Apache Spark as a Actual-Time Engine

MakeMyTrip’s deployment proves that RTM on Spark delivers the extraordinarily low latency that your real-time functions require. As a result of RTM is constructed on the identical acquainted Spark APIs, you need to use the identical enterprise logic throughout batch and actual time pipelines. You now not want the overhead of sustaining a second platform or separate codebase for actual time processing, and might merely allow RTM on Spark with a single line of code.

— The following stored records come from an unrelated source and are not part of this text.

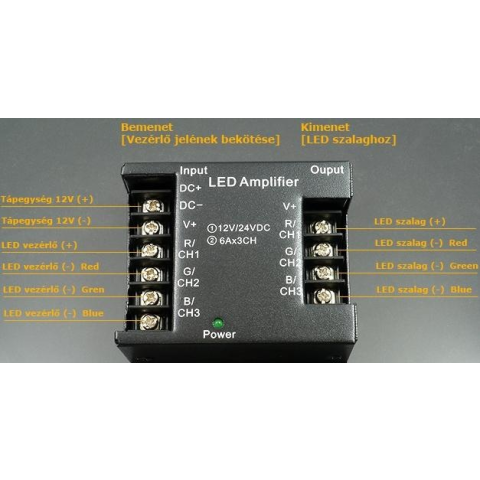 Feszültség: 12/24 Volt DC Max. teljesítmény: 216 Watt Max. áremerősség: 3x6A RGB vezérlő méretei: 80 mm x 72 mm x 32 mm Sorkapcsos bekötés Jelerősítő egység RGB LED vezérlőkhöz, illetve LED fényerő szabályzókhoz. A jelerősítő segítségével az rgb ve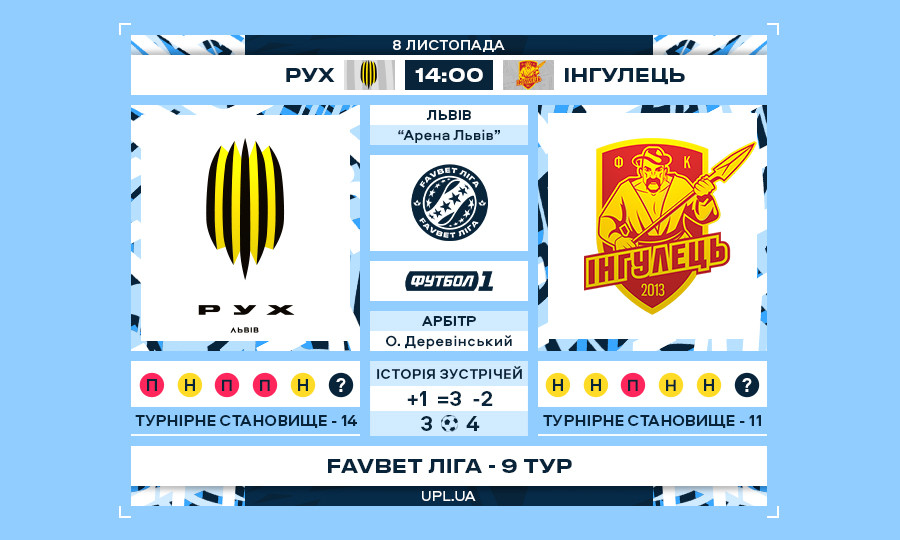 Матч 9-го туру Favbet Ліги «Рух» — «Інгулець»: статистичне прев’ю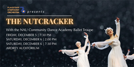 A beloved Flagstaff holiday tradition. Join us for a magical journey through Clara’s dreamscape in Tchaikovsky’s The Nutcracker, brought to life by the dancers of NAU’s Community Dance Academy and the full forces of Flagstaff Symphony Orchestra. The Lollipop Matinee is a shortened version suitable for families with young children!
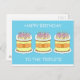 Carte Postale Joyeux anniversaire aux Triplets, gâteaux et bougi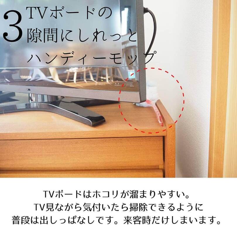 ほこりが気になるテレビボード周りにはハンディモップを。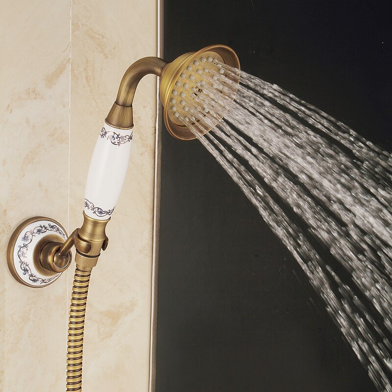 Shower Faucet / Rainfall Shower Head System Set - Handshower Included pullout Vintage Style / Country Antique Brass / Electroplated Mount Outside Ceramic Valve Bath Shower Mixer Taps / Single Handle 6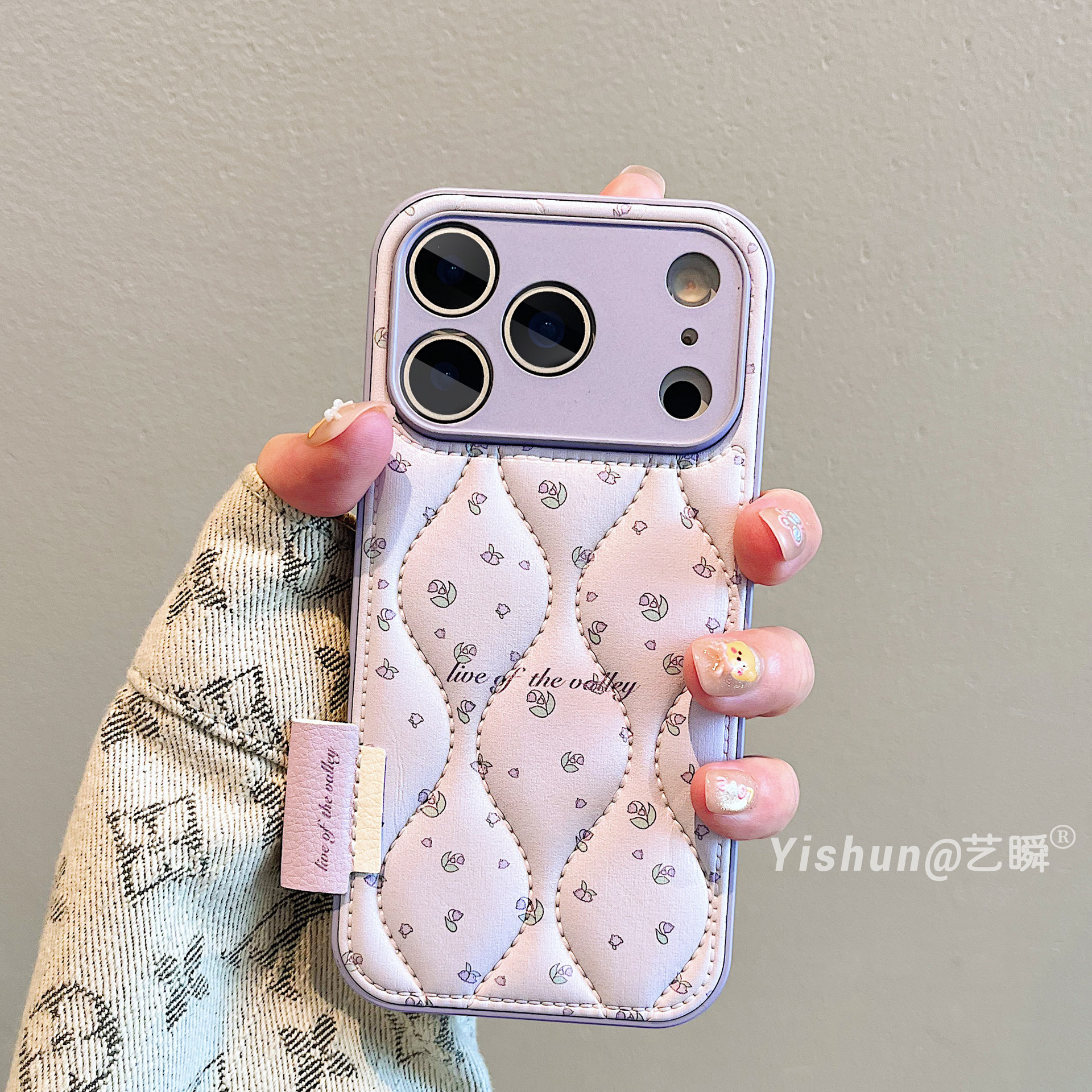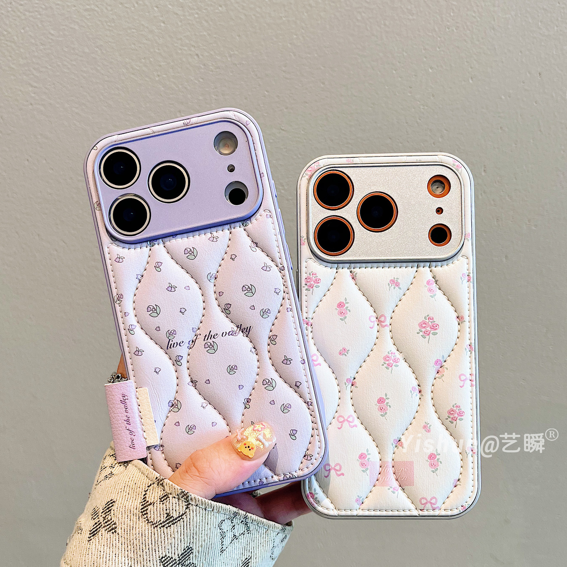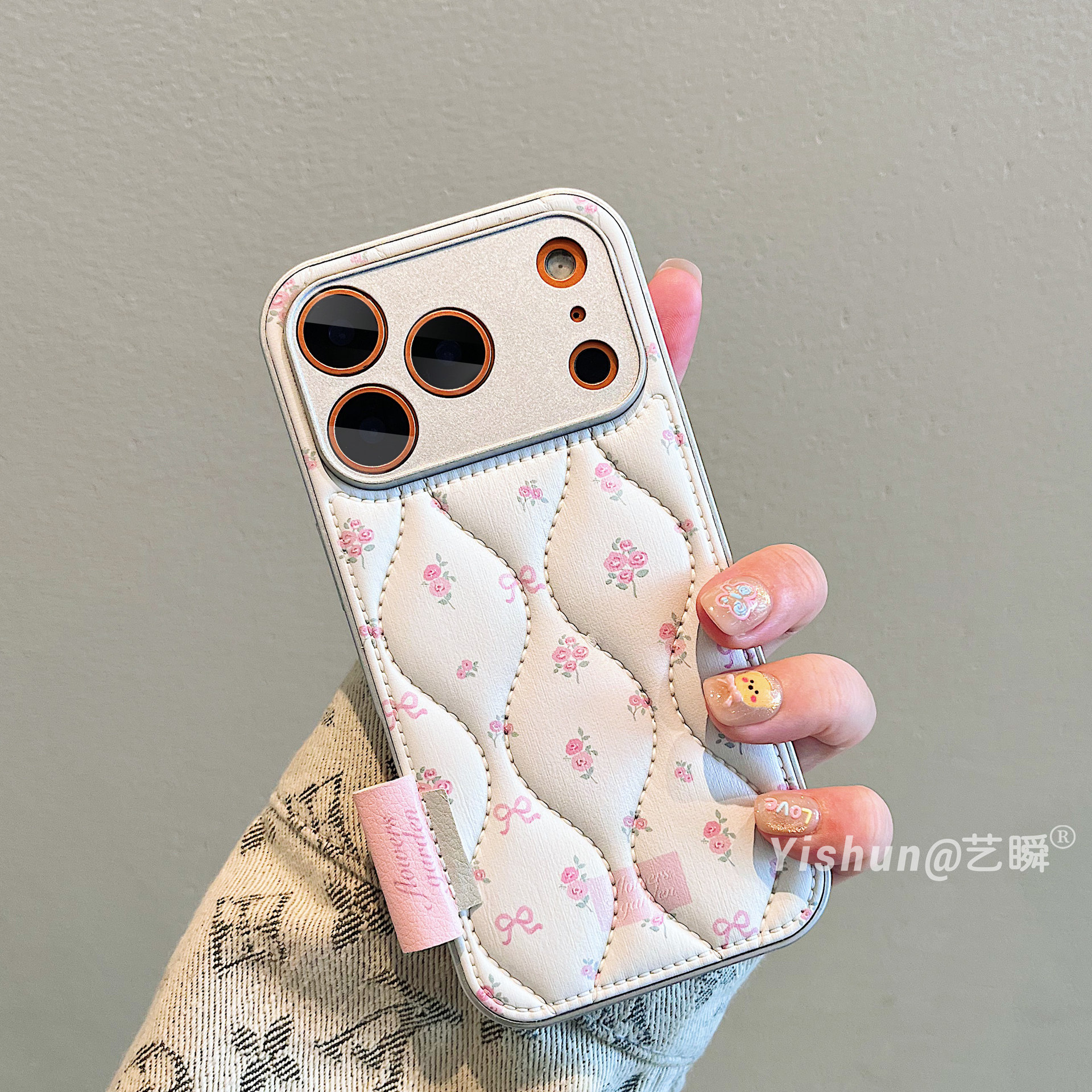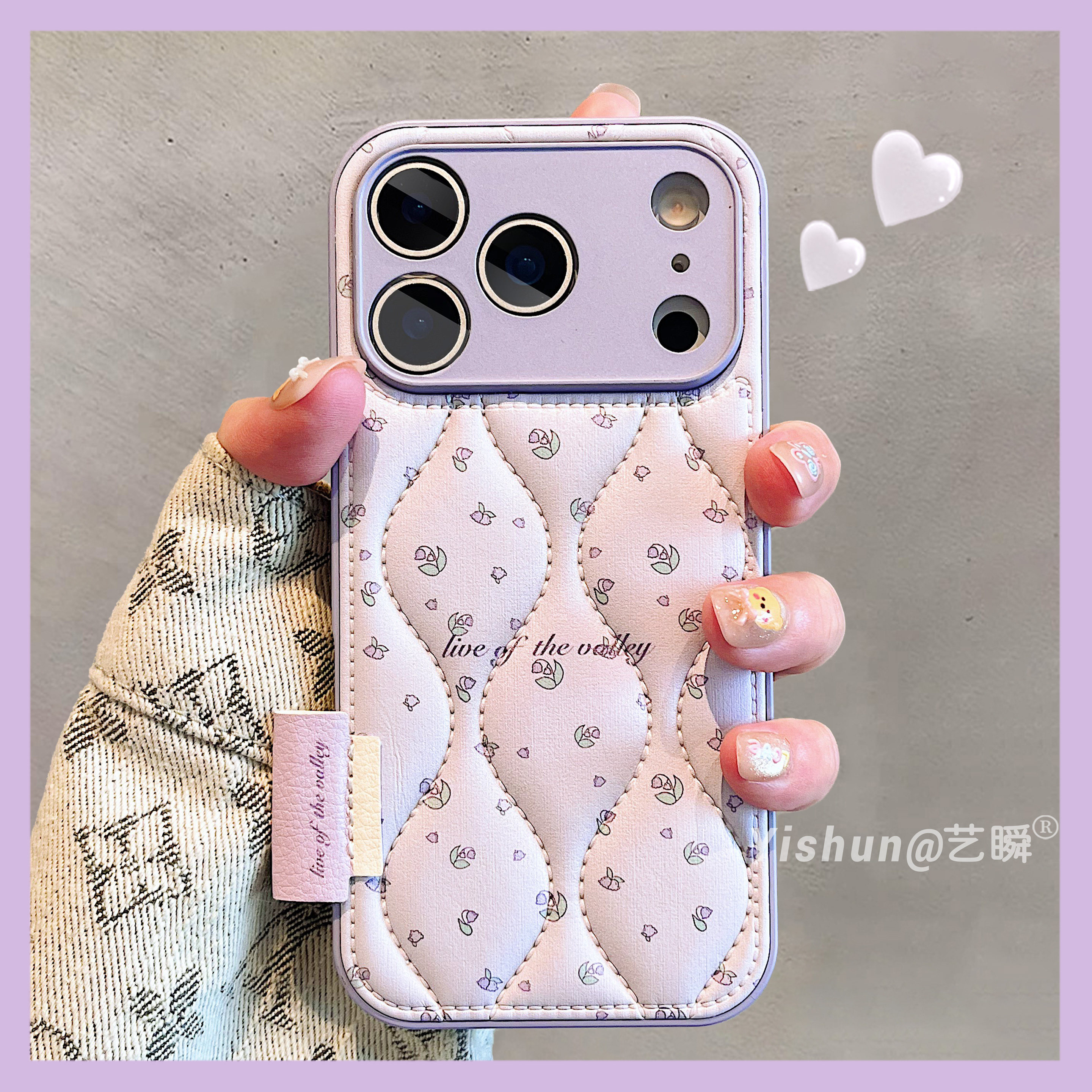 秋冬新款羽绒皮质小碎花适用iPhone17ProMax手机壳苹果16pro皮质鼓包13全包镜头ip15pro创意全包14pm女保护套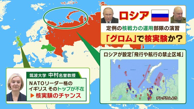 「NATOと言ったらアメリカとイギリスの2つの軍が非常に中軸なんですね。イギリスのすぐ東側で軍事演習が行われ、イギリスのリーダーが辞任を発表して、イギリスが混乱している。このタイミングでロシアが核実験をするんじゃないかと言われてるんですね」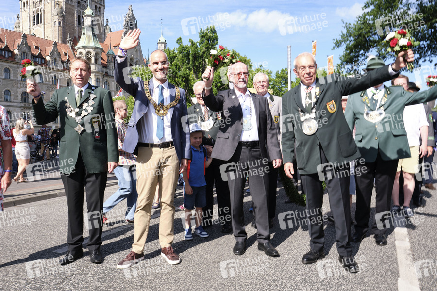 Wilfried Ritzke (Präsident des Niedersächsischen Sportschützenverbandes), Belit Onay (Oberbürgermeister Landeshauptstadt Hannover), Volker Kluwe (Polizeipräsident Hannover) und Paul-Eric Stolle (Präsident Verband Hannoverscher Schützenvereine) beim Schützenausmarsch zum 493. Schützenfest in der Innenstadt. Hannover, 03.07.2022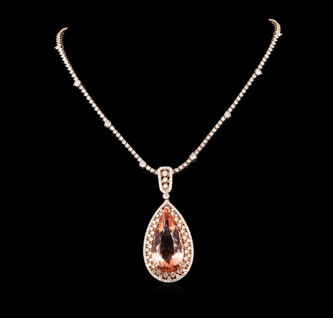 One electronically tested 14KT rose gold ladies cast & assembled morganite and diamond pendant/enhancer with chain. Condition is new, good workmanship. The pendant/enhancer features a morganite set within a tiered diamond bezel, completed by a diamond set snap-locking clasp. The pendant/enhancer is supported by a seventeen and one-quarter inch length 14KT rose gold diamond set chain, terminating in a concealed clasp with safety. Bright polish finish with milgrain detailing. Identified with markings of "585 14K". Containing: One prong set pear modified brilliant cut natural morganite, measuring 36.71 x 18.04 x 11.05mm, exact weight 42.02ct., type I Clarity is eye clean, medium, very slightly brownish, pinkish orange color, (GIA piO 5/3), cut is good. Transmitting light with no distortion, transparent. GIA Gemological Report attached. Graded loose prior to setting in the GIA Laboratory, Report #2161000194.Two Hundred Eighty-Four prong and bezel set round brilliant cut diamonds (depth est.) approximate. Total Weight of 284 Stones = 14.06ct. The clarity and color grade reflect the entire range of clarity and color for the group. Graded in the setting. Clarity: SI-1 to I-2. Color: G - J. Total Weight of Colored Stones 42.02ct. Total Weight of Diamonds 14.06ct. Total Weight of Pendant/Enhancer With Chain 46.86 grams. AIG Appraised at $69,520.00.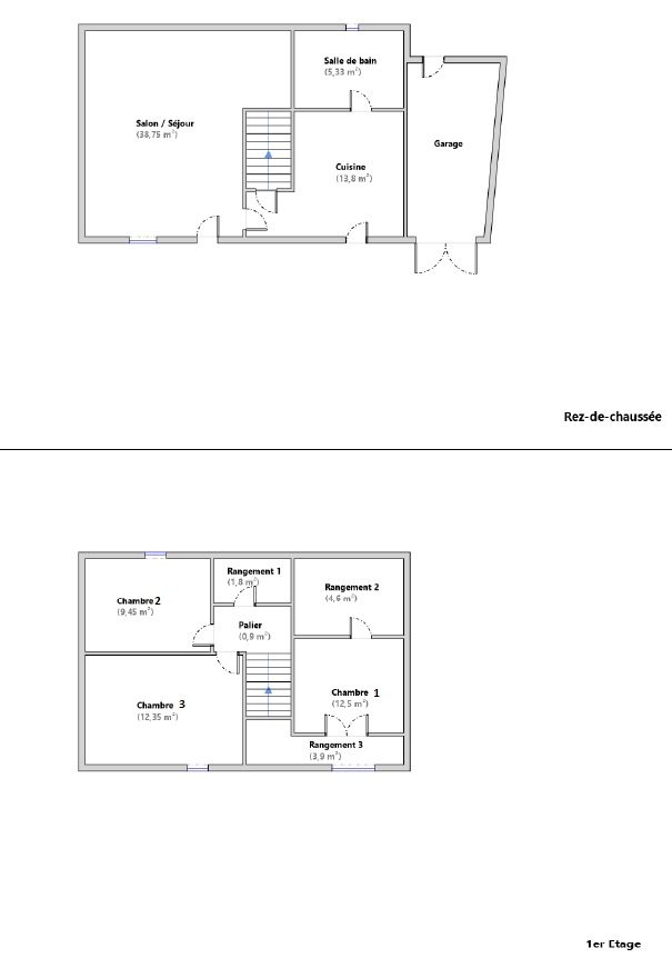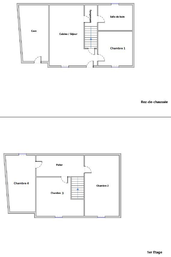 La première maison d’environ 103 m², mitoyenne d’un côté comprend au rez-de-chaussée un séjour avec cantou, une cuisine et une salle d’eau avec WC.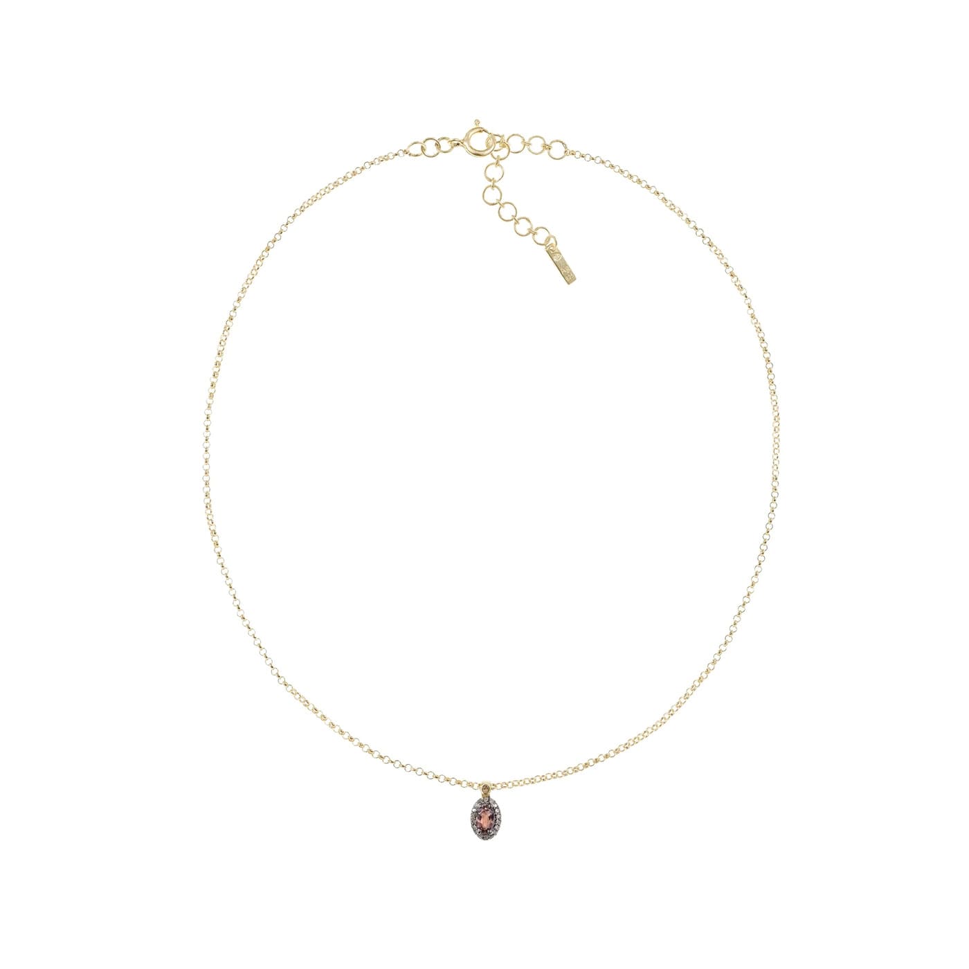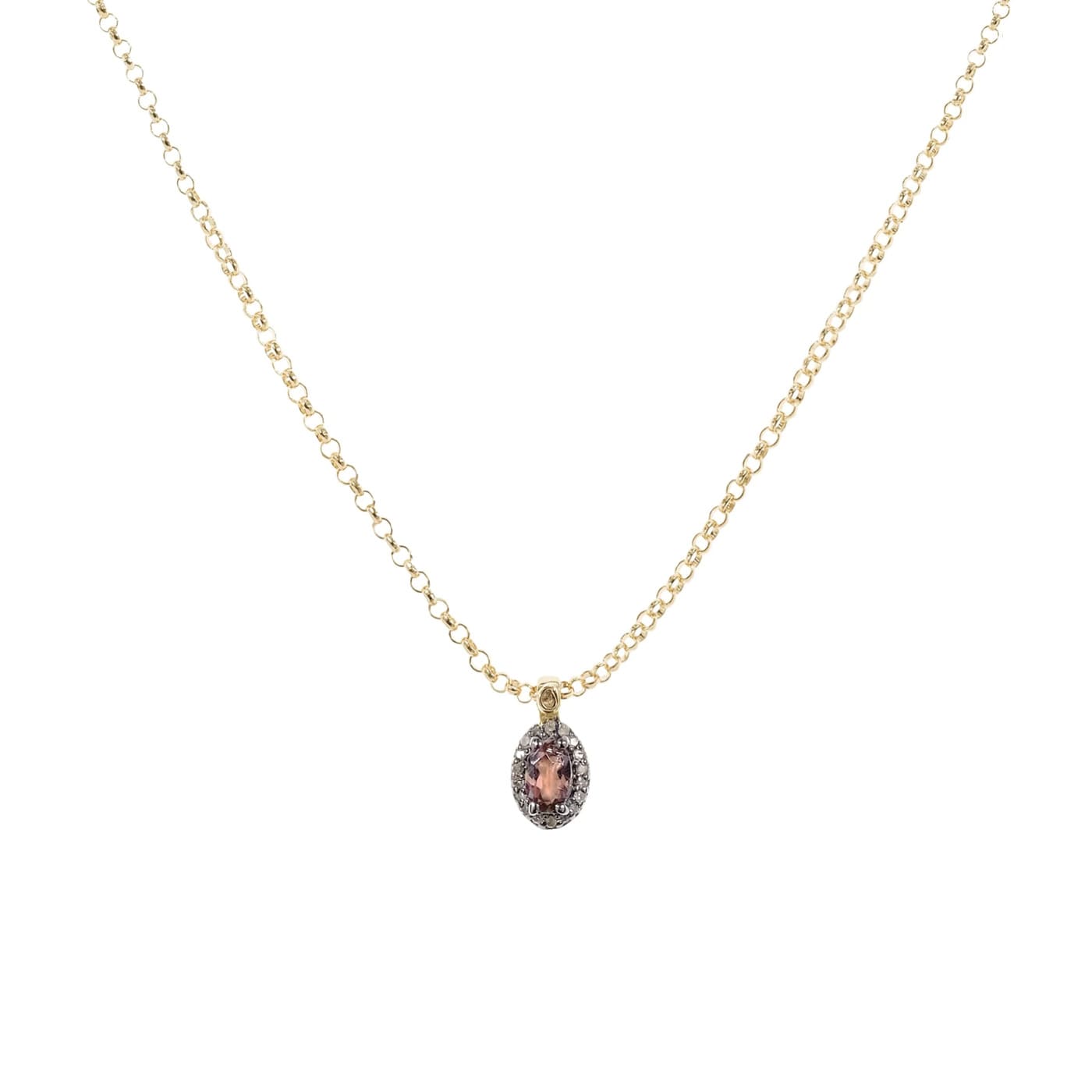 Add to WishlistColier din argint 925, realizat dintr-un lanț cu zale rotunde cu finisaj auriu. Este împodobit cu un medalion din argint oxidat, încrustat cu o turmalină roz și mini diamante neregulate. O balama împodobită cu un diamant Polki completează designul pandantivului.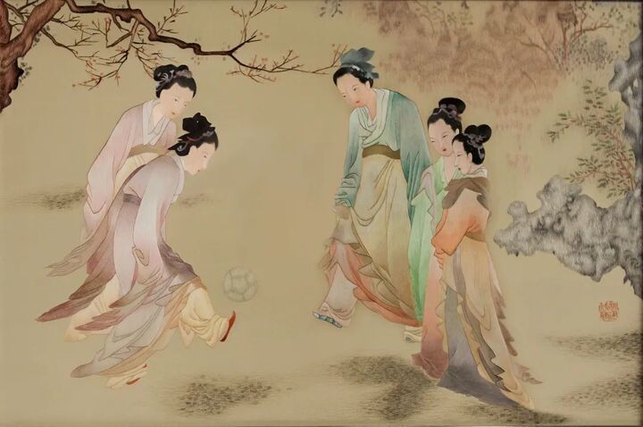 在展演中,姚卓还用创新针法现场绣制《仕女蹴鞠图》。这幅作品的原作是由她的母亲——苏绣国家级非遗代表性传承人姚建萍创作,其题材取自明代画家杜堇的一幅名作,刺绣大师采用经典的双面绣手法,展现了明朝中国女性在花园里蹴鞠的美好画面。这幅原作于2017年1月18日被作为国礼赠送给国际奥委会,并永久陈列在国际奥委会总部奥林匹克博物馆。

Actual-Time Mode allowed us to compress our infrastructure and ship real-time experiences with out managing a number of streaming engines. As we transfer into the period of AI brokers, steering them successfully requires constructing real-time context from information streams. We’re experimenting with Spark RTM to produce our brokers with the richest, most up-to-date context essential to take the absolute best choices.” — Aditya Kumar, Affiliate Director of Engineering, MakeMyTrip

Getting began with Actual-Time Mode

To study extra about Actual-Time Mode, watch this on-demand video on tips on how to get began or overview the documentation.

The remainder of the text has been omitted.